The first sample subset and the second sample subset are used for model training based on federated learning of the first trainer and the second trainer.

According to the above method, the second trainer can determine the second sample subset corresponding to the paired second trainer according to the sample subset identifier corresponding to the first sample subset after determining the first sample subset by the first trainer of the first participant with the label; and based on the sample alignment in the two stages, automatic alignment of the sample data of the trainer of each participant is realized, the sample alignment efficiency and the efficiency of the model training based on federated learning are improved, and therefore, the large-scale model training based on federated learning on real-time data can be supported.

In a possible embodiment, the method further includes: acquiring a cached sample set, in which, the cached sample set includes the sample with a sample identifier belonging to the sample intersection identifier list in the original sample set of the second participant. Determining the second sample subset based on the sample subset identifier and the original sample set of the second participant may include: in the cached sample set, determining the sample with the sample identifier belonging to the sample subset identifier as being comprised in the second sample subset.

Exemplarily, with reference to FIG. 6, the Party A and the Party B obtain the sample intersection identifier list based on the private set intersection and full-amount sample data sets (namely original sample sets) of the two parties, and after the Party B acquires the sample intersection identifier list, respective full-amount sample data sets can be screened based on the sample intersection identifier list to obtain the cached sample set corresponding to the sample intersection identifier list.
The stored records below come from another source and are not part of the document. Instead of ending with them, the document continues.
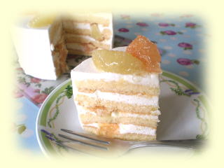 ココアの軽いスポンジを間にはさみ、 洋梨をたくさん入れました。 デコレーションは、 チョコレートソースと金箔で、シンプルに仕上げました。 バレンタインのプレゼントにも。 直径約15cmのケーキを1台作り、 そのままお持ち帰りいただけます。 |
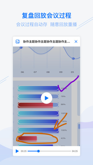 3、便捷的会议自动保存形式,开会过程会自动以录屏形式保存下来,不放过每一个重点;
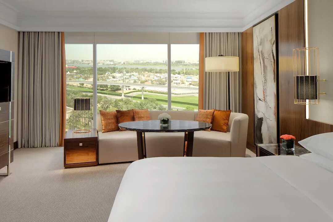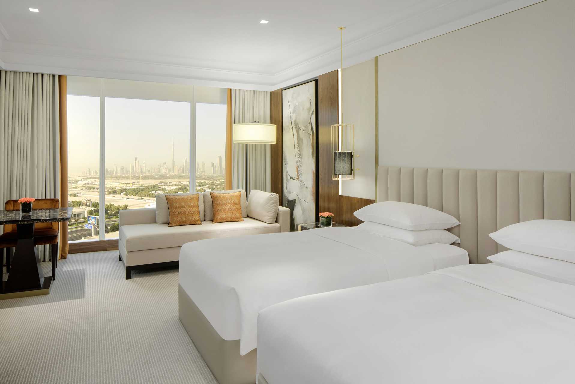 Deluxe-værelser, nogle med udsigt over Dubais skyline. Værelserne har ingen udeplads. En dobbeltseng eller to enkeltsenge. Mulighed for ekstra opredning i sovesofa. Gratis wifi, aircondition og deponering. Væg til væg-tæppe. Minibar. Kaffemaskine. Tv med internationale kanaler. Strygejern og strygebræt. Hårtørrer. Badekåber og tøfler. Badeværelse med badekar eller bruser samt toilet. Rengøring 7 gange om ugen. Børn under to år tæller med i det maksimale antal personer på værelset.

Therefore, in response to that the second trainer constructs the second sample subset, the cached sample set can be screened based on the sample subset identifier, and compared with screening the full-amount sample data set, the efficiency of constructing the second sample subset by the second trainer can be improved.

In a possible embodiment, each sample in the cache sample set is stored in a form of key-value pair, in which, the sample identifier of the sample is a keyword, and the sample feature of the sample is a value corresponding to the keyword.
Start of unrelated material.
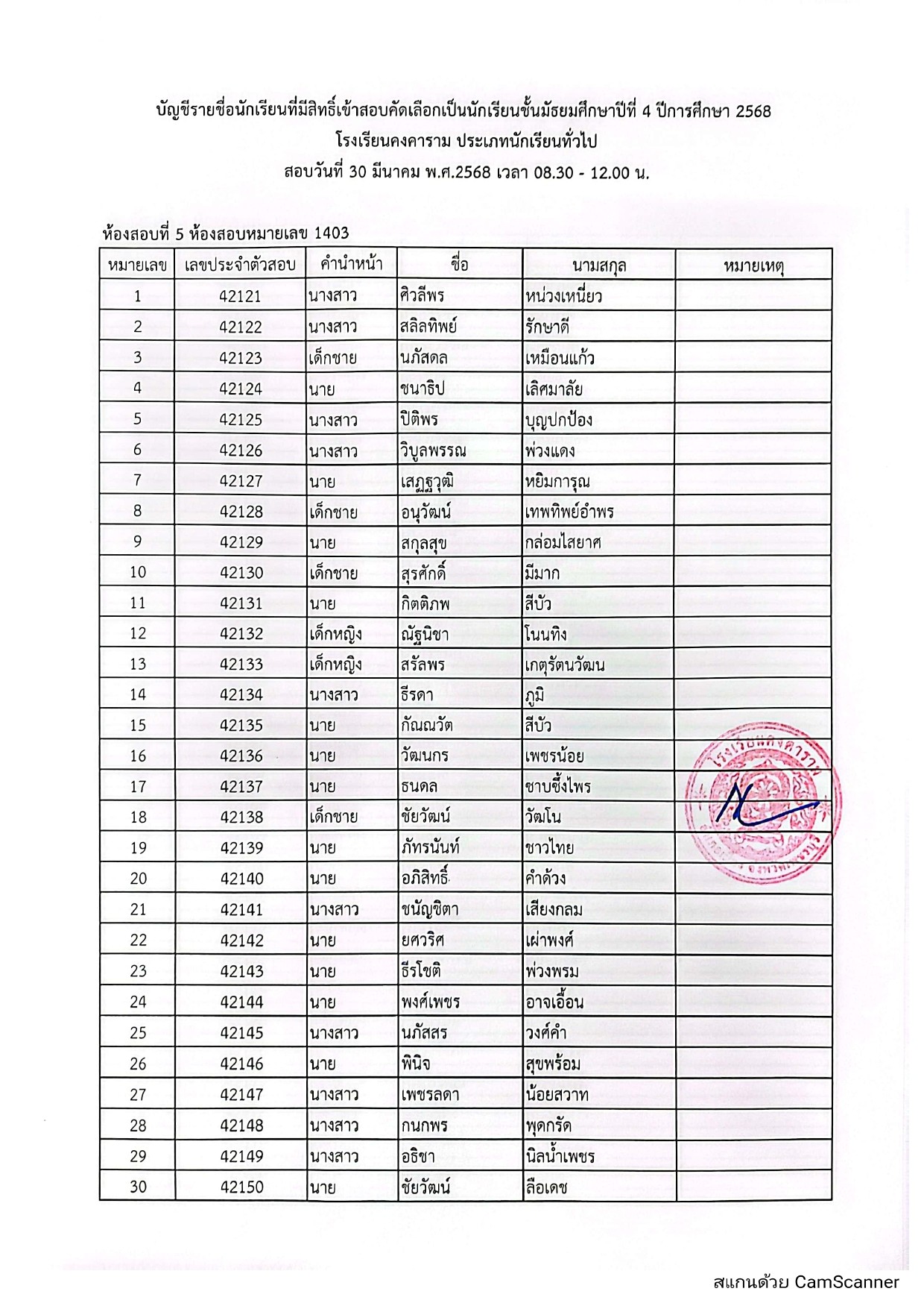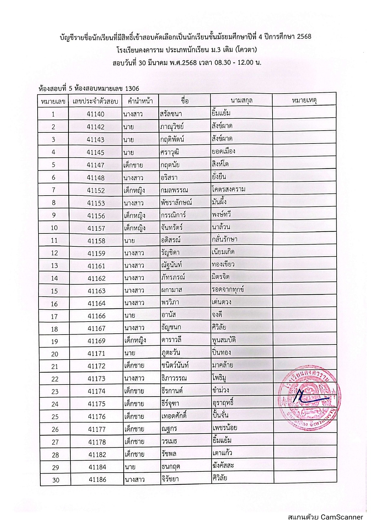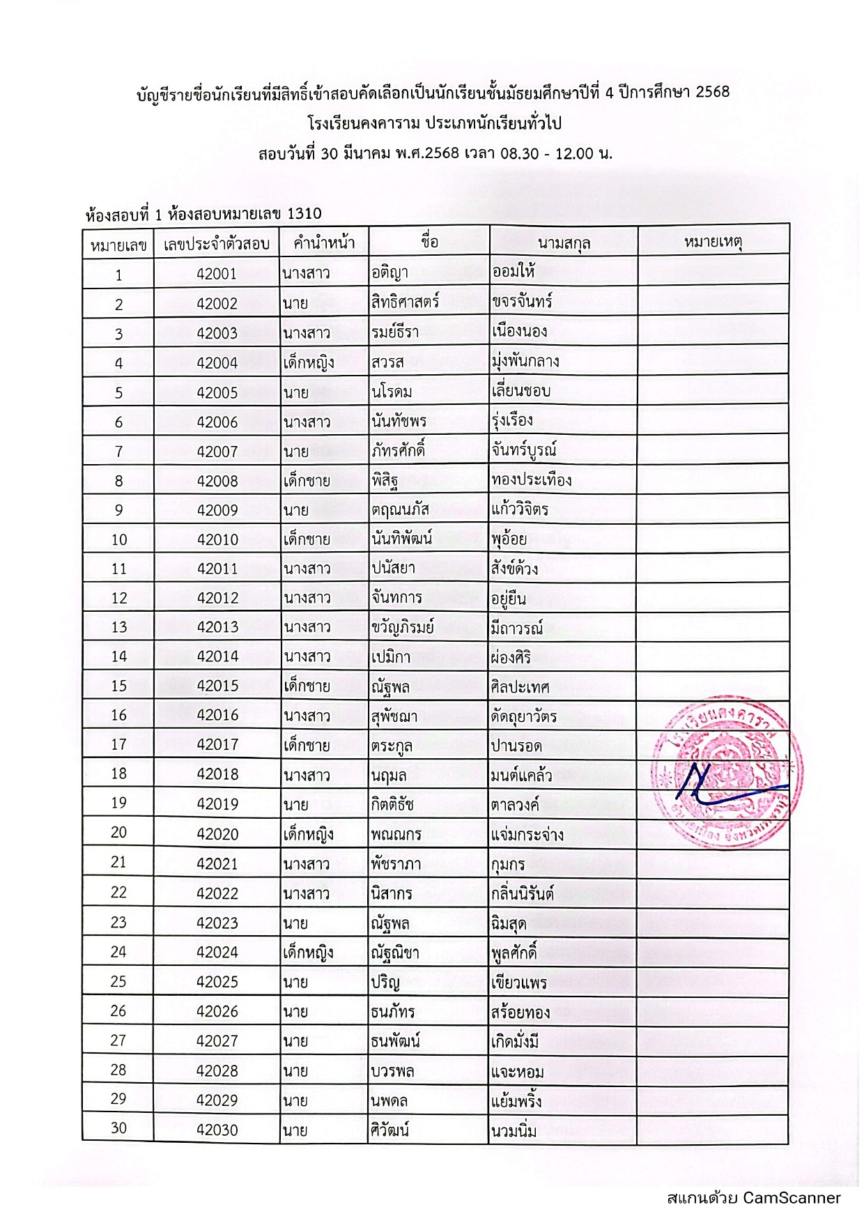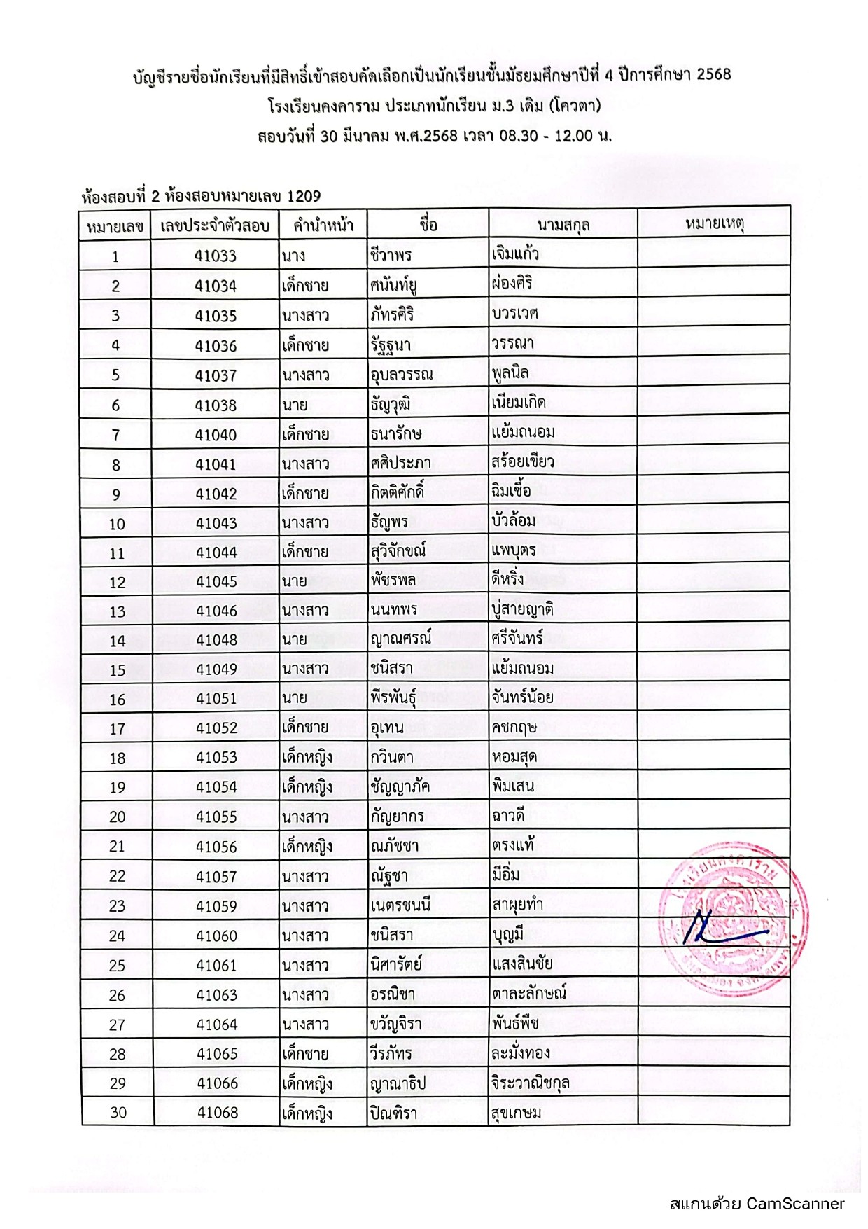 ประกาศรายชื่อนักเรียนที่มีสิทธิ์สอบคัดเลือกเข้าศึกษาต่อระดับชั้น ม.4 ปีการศึกษา 2568

Exemplarily, with reference to FIG. 6, each sample in the cache sample set can be stored in the form of key-value pair, the sample identifier of the sample is Key, and the sample feature of the sample is Value corresponding to Key; and the sample is stored in the form of key-value pair, so that the second trainer can conveniently perform screening based on the sample identifier, and the efficiency of constructing the second sample subset by the second trainer is further improved.

It is to be noted that a storage module of the cache sample set is not limited in the present disclosure, it can be an internal memory type storage module such as a KV cache and redis, or a database system such as MySQL, and it can be specifically set according to requirements.
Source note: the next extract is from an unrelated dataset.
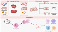 Various pathological mechanisms that cause cell death can be activated by cytosolic Ca2+ overload. With the recovery of blood flow upon reperfusion, SERCA consumes more ATP due to its neighboring spatial position, which accelerates the cytoplasm-SR calcium cycle into a high-load state, resulting in calcium oscillations and ultimately affecting the entire cell. Furthermore, the activation of calpains due to Ca2+ overload not only hydrolyzes cytoskeletal proteins and ankyrin, causing the breakdown of cell structure but also degrades signal proteins such as protein kinase C (PKC) and Ca2+/calmodulin-dependent protein kinases (CaMKs), disrupting normal cell activities. Furthermore, as an inhibitor of calpains by reversibly binding, endogenous calpastatin is degraded in IRI, resulting in continuous damage to cells from Ca2+ overload, thereby contributing to cell death. Additionally, elevated intracellular Ca2+ levels produce complexes that attach to intracellular proteins, which facilitate the generation of cytokines, such as interleukin-1 beta and tumor necrosis factor-α. These cytokines transmit inflammatory signals to immune cells, stimulating the production of additional cytokines and chemokines, which exacerbates IRI [32,33].

In a possible embodiment, the method further includes: after the second trainer is started, transmitting a registration request to a task controller, so as to enable the task controller to determine the first trainer paired with the second trainer in response to the registration request.

Exemplarily, after the second trainer is started, the registration request can be transmitted to the task controller, the task controller is configured to pair the trainer of each participant participating in federated learning, the specific pairing process is described above, and the present disclosure will not be listed here.

In a possible embodiment, the method further includes: transmitting a polling request for a pairing state to the task controller, so as to enable the task controller to transmit, in response to the polling request, a trainer identifier of the first trainer to the second trainer after determining the first trainer paired with the second trainer; and in response to receiving the trainer identifier of the first trainer, blocking to wait for the sample subset identifier transmitted by the first trainer.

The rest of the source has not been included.